- Data:
==================================================

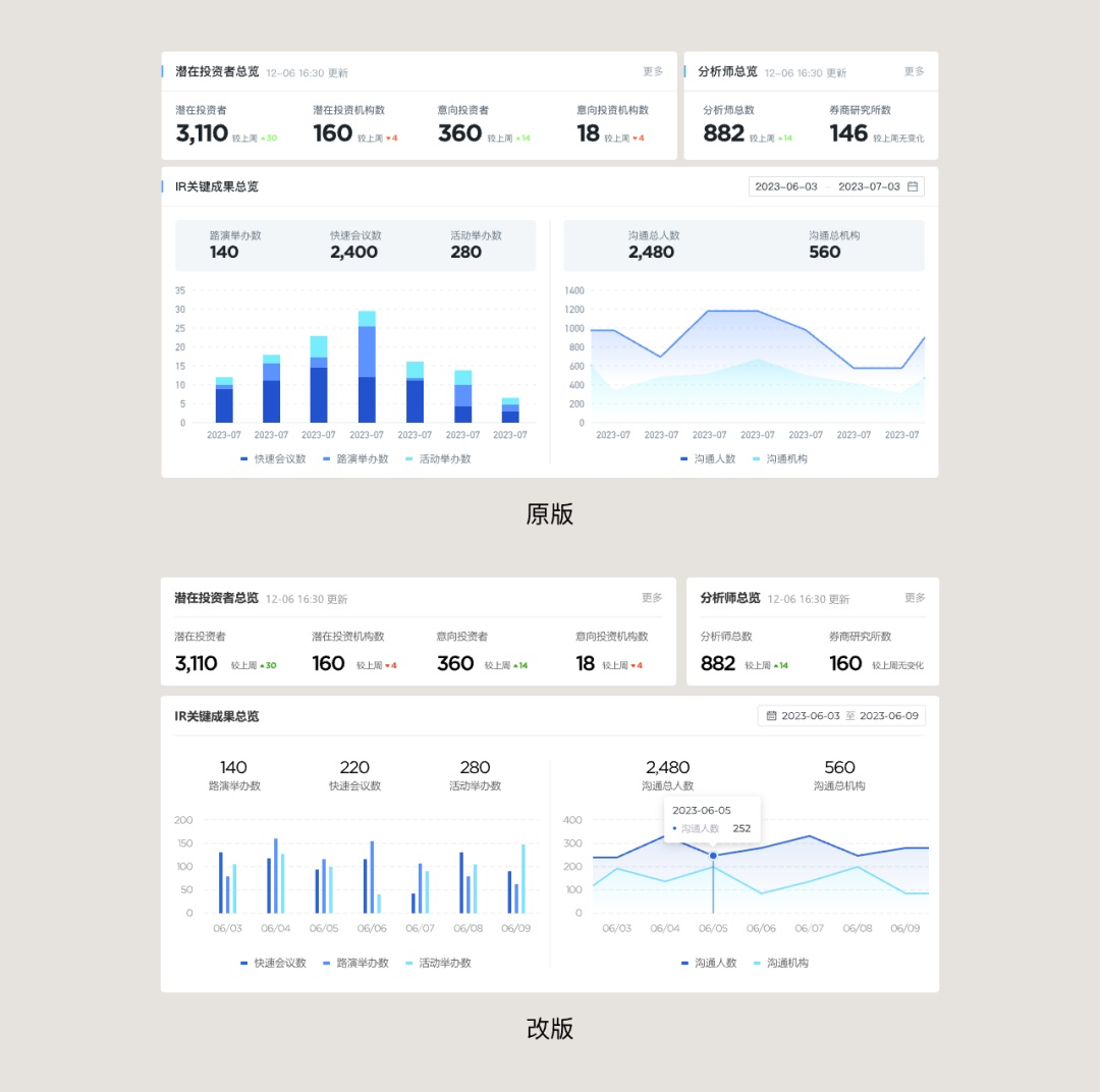 但重要不代表需要過度傾注和堆疊視覺元素,過度的設計會讓界面看起來有 “飛機” 敢,不僅不真實的印象產生了,還會顯得業(yè)余不夠自信。同時任何項目中表盤頁過度設計都會對整個項目造成負擔,后續(xù)的頁面要怎么設計才能不和它產生隔閡,保持一致性。
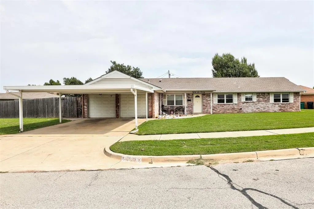 Moore School District! This 3-bedroom, 2.5-bath home sits on a large corner lot with quick access to I-44 and I-235. You’ll also be just a short walk from the park, splash pad, recreation center, and elementary school. The exterior offers a two-car carport plus garage parking. Inside, the flexible layout includes two living areas perfect for a home office or extra lounge space. The main living room features a wood-burning fireplace and French doors leading to the covered patio and spacious backyard. The kitchen includes a center island, plenty of storage, and easy access to both the garage and backyard. The private master suite has its own full bath, with another full bath down the hall and a convenient half bath near the kitchen. A standout feature is the climate-controlled two-car garage with an above-ground storm shelter. Outside, the oversized wraparound yard offers room to play and garden, plus a storage shed for tools and equipment. Additional highlights include ceiling fans in every room, a durable brick exterior, rain gutters, and a recently replaced hot water tank. With its spacious floor plan, large yard, and prime location, this home checks all the boxes. Schedule your showing today!
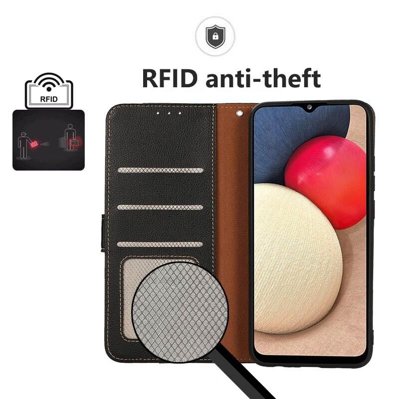 Θήκη κινητού τηλεφώνου Nokia C21 Plus KHAZNEH με υφή δέρματος Litchi και προστασία RFID (Μαύρο)
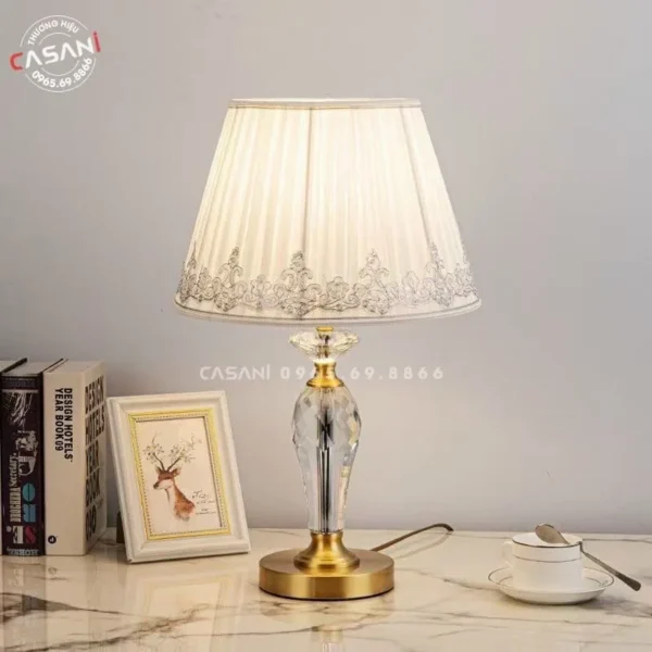 Đèn bàn thủy tinh / pha lê: Là sự lựa chọn hoàn hảo cho không gian sang trọng. Pha lê hoặc thủy tinh trong suốt giúp ánh sáng được phản chiếu lung linh, làm nổi bật sự quý phái của căn phòng, đặc biệt phù hợp với biệt thự, khách sạn hoặc phòng ngủ phong cách luxury.

==================================================

- Problem details: Repeat the material above precisely as it appears, omitting the images it contains.

- Task result:
 但重要不代表需要過度傾注和堆疊視覺元素,過度的設計會讓界面看起來有 “飛機” 敢,不僅不真實的印象產生了,還會顯得業(yè)余不夠自信。同時任何項目中表盤頁過度設計都會對整個項目造成負擔,后續(xù)的頁面要怎么設計才能不和它產生隔閡,保持一致性。
 Moore School District! This 3-bedroom, 2.5-bath home sits on a large corner lot with quick access to I-44 and I-235. You’ll also be just a short walk from the park, splash pad, recreation center, and elementary school. The exterior offers a two-car carport plus garage parking. Inside, the flexible layout includes two living areas perfect for a home office or extra lounge space. The main living room features a wood-burning fireplace and French doors leading to the covered patio and spacious backyard. The kitchen includes a center island, plenty of storage, and easy access to both the garage and backyard. The private master suite has its own full bath, with another full bath down the hall and a convenient half bath near the kitchen. A standout feature is the climate-controlled two-car garage with an above-ground storm shelter. Outside, the oversized wraparound yard offers room to play and garden, plus a storage shed for tools and equipment. Additional highlights include ceiling fans in every room, a durable brick exterior, rain gutters, and a recently replaced hot water tank. With its spacious floor plan, large yard, and prime location, this home checks all the boxes. Schedule your showing today!
 Θήκη κινητού τηλεφώνου Nokia C21 Plus KHAZNEH με υφή δέρματος Litchi και προστασία RFID (Μαύρο)
 Đèn bàn thủy tinh / pha lê: Là sự lựa chọn hoàn hảo cho không gian sang trọng. Pha lê hoặc thủy tinh trong suốt giúp ánh sáng được phản chiếu lung linh, làm nổi bật sự quý phái của căn phòng, đặc biệt phù hợp với biệt thự, khách sạn hoặc phòng ngủ phong cách luxury.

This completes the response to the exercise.